After more than an hour of fighting, Second Lieutenant Spiroiu raised the Romanian flag over the parapet of the secondary redoubt. The Muscel Battalion then spearheaded the attack against the main redoubt. During the assault, Major Dimitrie Giurescu was killed in action. Despite his death, the assault severely compromised Rahova's defense network and allowed Romanian forces to establish distant fire control over the main redoubt by nightfall.

=== Ottoman retreat and final engagement (20–21 November) ===
On the following day, allied forces conducted reconnaissance and evaluated the deteriorating condition of the Ottoman defenders. On the night of 20–21 November, the Ottoman commander (miralay) ordered an evacuation of the redoubts under the cover of artillery fire, directing approximately 2,000 soldiers to retreat toward the Ogosta River.

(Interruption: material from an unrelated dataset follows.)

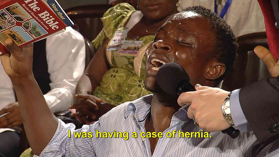 „Řekl jsem si: ‚Dnes je můj den. Musím přijmout své uzdravení. Jestliže Kristus uzdravuje i v této generaci, musím odsud dnes odejít zdravý.‘ Když se pak kazatel začal modlit, řekl: ‚Lidi, nedívejte se na mě, na Daniela Kolendu. Upřete zrak na Boha!‘ Modlil jsem se a náhle se mi roztřásly nohy. Nohy se mi začaly pohybovat, pohybovat, pohybovat. Děkoval jsem Bohu a náhle jsem zjistil, že už nemám oteklý šourek.“
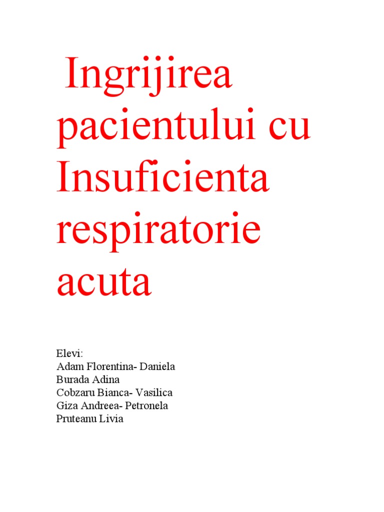 Ingrijirea Pacientului Cu Insuficienta Respiratorie Ingrijirea Pacientului Cu Insuficienta Respiratorie Acuta Acuta Doc

To cover the withdrawal, the Ottoman command staged a diversionary attack near the Hârleț bridge. However, the retreating Ottoman column was ambushed by the 1st Mehedinți Battalion under Captain Constantin Merișescu and forced to re-engage. Reinforcements under Major General Mayendorff and logistical maneuvers managed by Colonel Crețulescu fully disrupted the Ottoman escape route. By the morning of 21 November 1877, the battle concluded with the complete capture of Rahova and a Romanian victory.

==Legacy==
In a letter to Prince Carol I of Romania, Grand Duke Nicholas Nikolaevich told the Romanian prince that "the victory at Oryahovo belongs entirely to the Romanian Army".

Today, the Rahova neighbourhood of Bucharest is named after the battle.